Un-election. Pillars of power

27/03/2007 Tigran PASKEVICHYAN

Beginning in previous two editions

The change of power that was being planned was not going to be anything like “October 27”. The average partisans of the traditional political party used to tell me that there will be no bloodshed and that there may be one victim at the most. Time would pass before I would realize that that one victim would be the main target for “October 27”.

In 1994 or 1995 (as far as I can remember, but it may be found in the archives), at the end of the “02” police news of the Internal Affairs Ministry a report was unexpectedly shown telling about the visit of Vano Siradeghyan, Vazgen Sargsyan and Hrant Matevosyan to the crypt of the Arshakuni dynast located at Ambert. It was strange and incomprehensive to see such a report at the end of the news hour, especially since judging from the look of the news anchor and the direct speeches of the heroes, it was a meeting of three prose writers and not one prose-writer and two ministers. If my memory serves me right, they were talking about remodeling the Arshakunis’ crypt, renovating the territory and similar things.

The report seemed strange not only because they were not in the right place, but because during those days everyone was talking about the tense relations between Vano Siradeghyan and Vazgen Sargsyan. Rumor had it that there had been debates between the two ministers after the ceasefire and that that had something to do with their break-up. According to different sources, being the correspondent of the backline during the war, Vano Siradeghyan had become the defender of the new bourgeoisie, while Vazgen Sargsyan believed that the men who had fought on the military fronts had to be the owners of public property.

Of course, nothing goes on without fire, but could the relations between the two pillars of power be that tense in order to exclude compromise? The information regarding the tense relations was spread and generalized among the public.
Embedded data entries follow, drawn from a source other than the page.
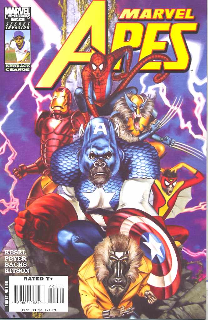Written by KARL KESEL Pencils by RAMON BACHS Cover by JOHN WATSON Variant Cover by RAMON BACHS Flingin' feces, True Believer-- the entire Marvel Universe has gone APE! Just when he thinks life can't get any worse or weirder, Marty Blank - a.k.a. that lovable loser, the Gibbon -- finds himself and the brilliant-and-beautiful Dr. Fiona Fitzhugh transported to a world where monkeys rule and humans don't exist! SEE the spectacular simian city of Monkhattan! MEET the hominoid heroes and villains - SPIDER-MONKEY! DOC OOK! IRON MANDRILL! SIMIAN TORCH! THE APE-VENGERS! And more! THRILL to the return of Speedball! CONTAINS No-Ads, as we are thrilled to present you backup tales exploring the Apeiverse! LEARN the dark secret of the primate planet! WORRY that the fate of the entire universe is in the hands of the Gibbon! Not a hoax, not a dream, not an imaginary story - just the most not-to-be-missed mini-series of the season! If you only buy one (well, two) comics this month about super-powered, intelligent apes-in-capes, it must be MARVEL APES! 40 PGS./ Rated T+ ...$3.99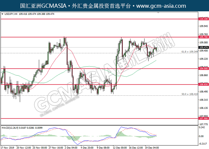 20191223 USDJPY by willy | Dec 22, 2019 | 美元兑日元 | 0 comments GCMAsia - USDJPY USDJPY 2019-12-23 USDJPY,H4:美日低位反弹。MACD空头动能有所略减,短期关注多头势力为主。上方关注109.70压力和110.10压力,下方关注109.35支撑和109.00支撑。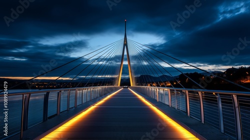 © musa, Obraz premium Illuminated cable-stayed bridge at twilight.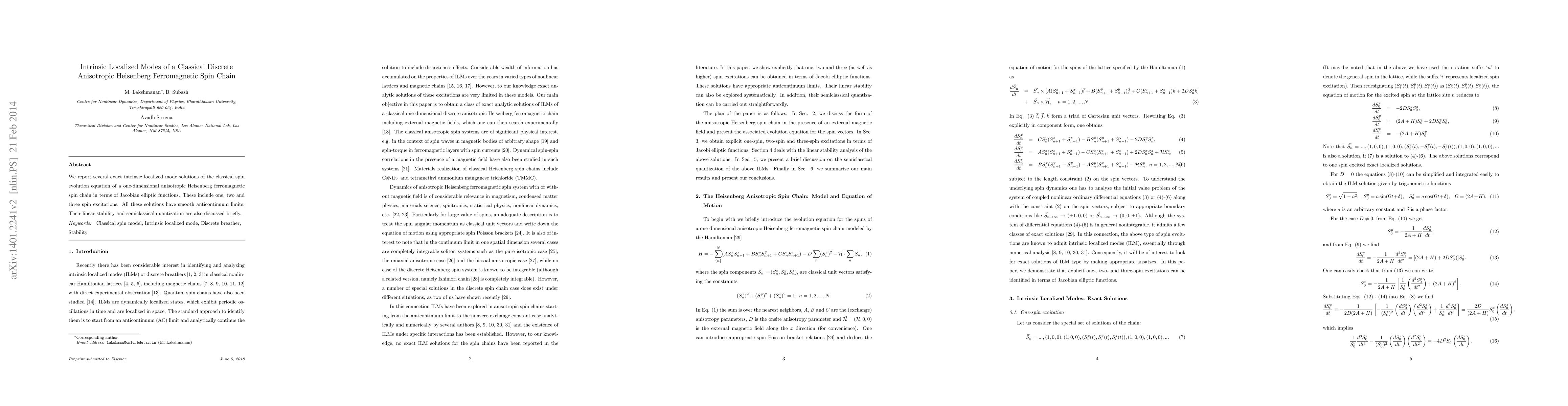 This paper presents exact intrinsic localized mode solutions for a one-dimensional anisotropic Heisenberg ferromagnetic spin chain, expressed in terms of Jacobian elliptic functions, including single, double, and triple spin excitations. The study also briefly examines their linear stability and semiclassical quantization.

Taxi drivers all the way to different ranking functionaries were telling about events that had taken place in this or that restaurant as if they were actual witnesses, claiming that Vano’s bodyguards and Vazgen’s bodyguards had started a big fight and that it had led up to the point when the two had started attacking each other. “Vazgen gave a blow to Vano,” claim the storytellers, but then it turned out that they had not witnessed all that, rather they had heard it from somebody.

It would be clear later why the three prose-writers had gone all the way to Ambert. The crypt of the Arshakunis was not the best spot to conduct literary debates. They had reached that high peak in order for everybody to see them, to show that there can be no debates and they have nothing against each other and never will, especially when someone like Hrant Matevosyan was standing in between them. It would later be clear the change of power plan. Vazgen Sargsyan was murdered in a dark and mysterious way. The public and Vazgen’s colleagues were under the influence of the rumors going around in the city and were suspecting Vano Siradeghyan. The Minister of Internal Affairs was removed from office, arrested and taken to jail and amid all that chaos, as my acquaintances from the traditional political party said, the seizure of one of two state institutions was becoming a small, technical problem for the men who had fought in Khojalu and Shushi. The power was smoothly passing on to the ARF.
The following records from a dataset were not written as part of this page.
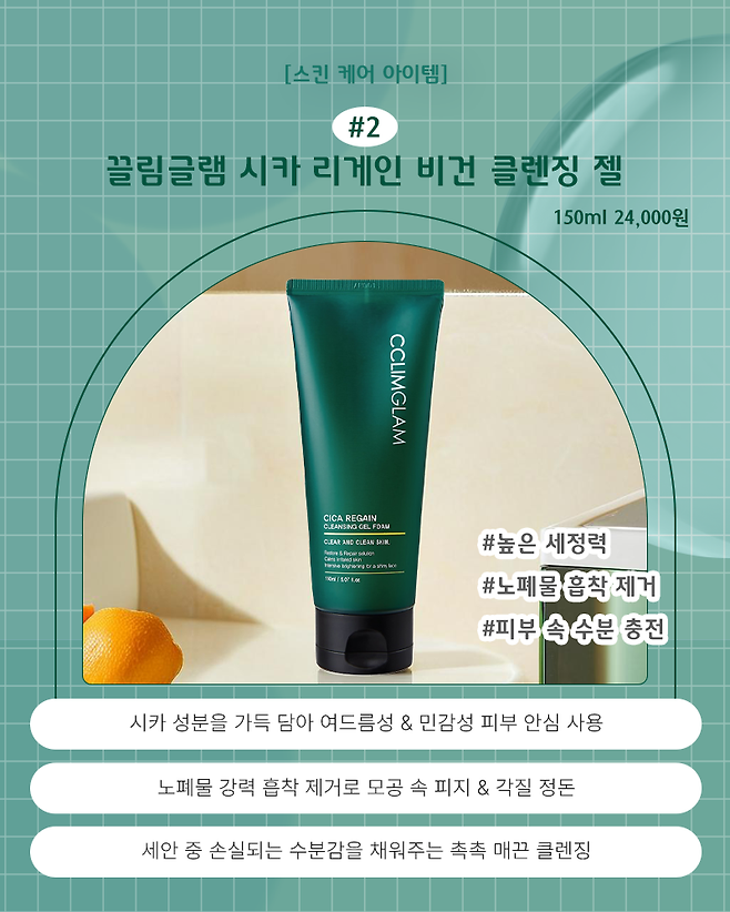 비건 인증까지 받은 순하고 안전한 제품으로, 주성분인 시카 성분이 피부 진정과 여드름성 피부를 완화하는데 도움을 줘서 민감한 피부도 클렌징과 각질제거 케어를 동시에 할 수 있다.
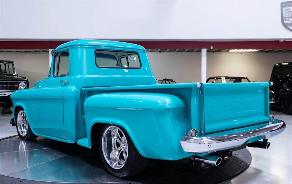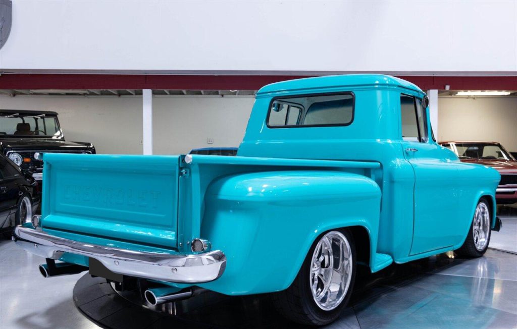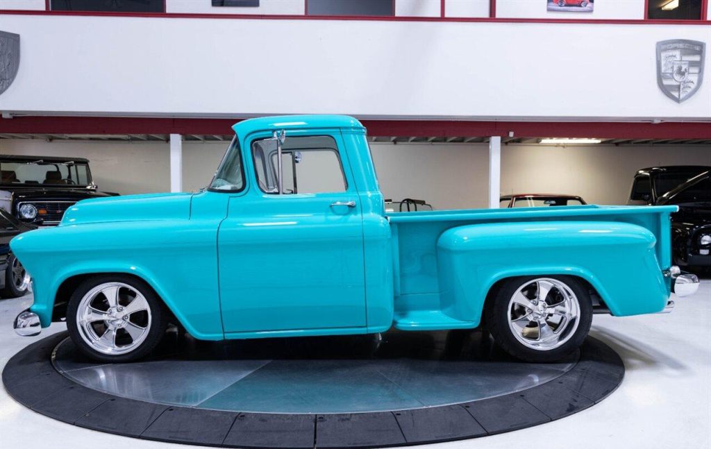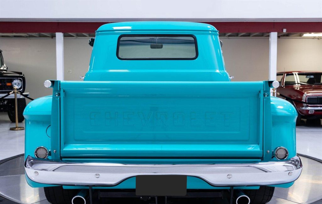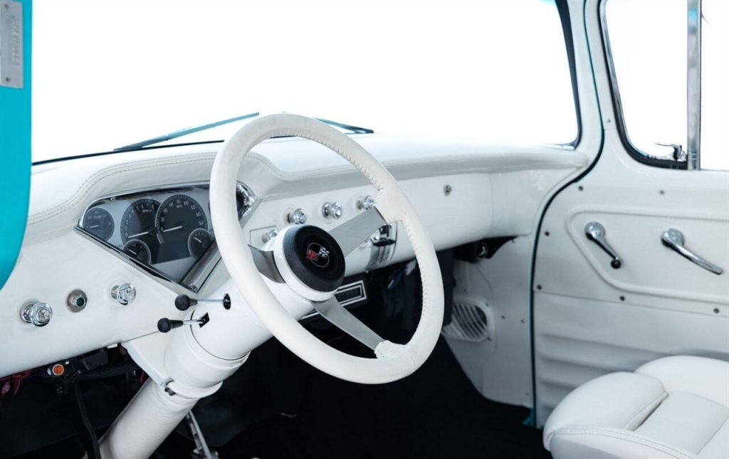 1957 Chevrolet 3100 Pickup in Turquoise over White Leather Interior. Equipped with a Corvette LT4 engine mated to a 6 Speed Manual Transmission. This frame-off nut and bolt restoration was built to the highest standard. Features include: TCI Mustang II Front Suspension w/ Power Assist Rack and Pinion Steering, Coilovers On All 4 Corners, TCI 4 Link, 9″ Rear End, Posi Traction w/ 3.90 Gears, 4 Wheel Disc Brakes, Fuel Injection, ZF Transmission, Budnik 18″ Fontana Wheels wrapped in Toyo Tires, Vintage Air A/C, VHX Gauges, Powder Coated Frame, Original Chrome Bumpers and Grill Restored to Show Quality and more! This stunning Truck is ready to be shown or driven.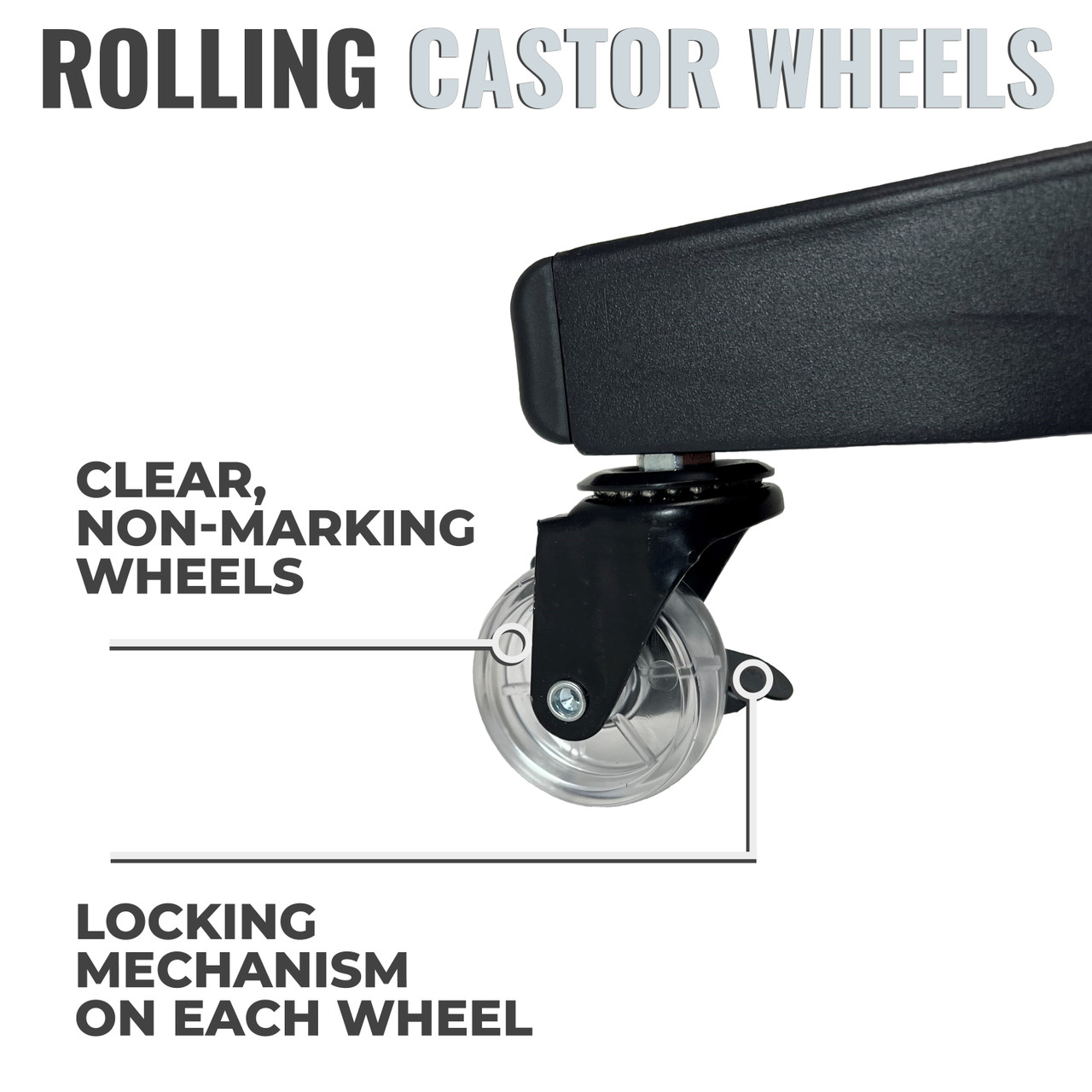 - LOCKING CASTOR WHEELS: Clear, scratch-resistant wheels.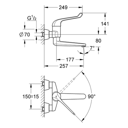 Miscelatore monocomando di sicurezza Grohe Euroeco Special, a parete, sporgenza 256 mm, senza salterello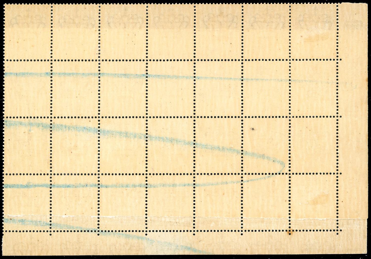 1929 - 50 cent. Imperiale, blocco di 28 esemplari, tutti stampati su carta ricongiunta (251e), angolo di foglio, nuovo, gomma originale integra, perfetto, segni di biffatura al verso. Molto raro. Cert. Ferrario.
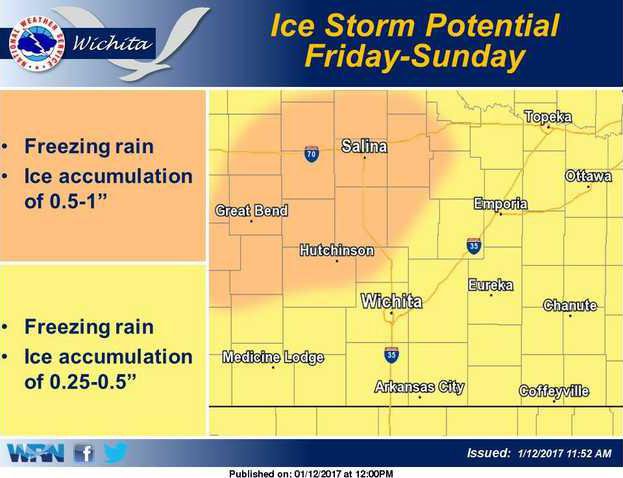 TOPEKA NWS — Light freezing rain is forecast to begin across the east on Friday afternoon and continue overnight into Saturday. Heavier accumulations are expected Saturday night into Sunday morning, when damage to trees and power lines becomes more likely, with significant impacts to travel expected. There is still uncertainty to amounts with this forecast with much of the area very close to the freezing mark.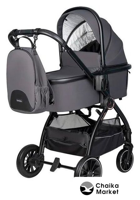 2 в 1 (люлька + прогулка), стиль: современный, ткань/искусственная кожа, шины надувные, вес 15.2 кг, цвет серый/темно-серый

The meeting in Ambert was not only a step taken against this plan, but also the start of real compromises which, although gave positive results at that moment, however we can’t say that they benefited the regulation of the political system later on.

The debate between Vazgen Sargsyan and Vano Siradeghyan, if it really existed as such, was a debate of the parallel societies formed during the war. The soldiers had to return home and the Defense Minister would have something to give them and in order to prevent them from confiscating what they would receive, Vano Siradeghyan made compromises since he was in favor of a market economy.

During that time, all of this was interpreted as the obsession of two “monsters” to accumulate the riches and eternally keep power with that money, but nobody noticed the underground flow of water that would eventually spill out and flood the political system of Armenia. That was the flow of victory which was perhaps supposed to be perceived as the land defender brotherhood and was then supposed to be formed into an organization with the combined efforts of the Republican Party founded after the formation of the Armenian Army.

The model of distributing the property to those who deserved it had to become an evil not only for the state and society, but also for those who deserved it because the majority of them had to starve, while the minority had to work.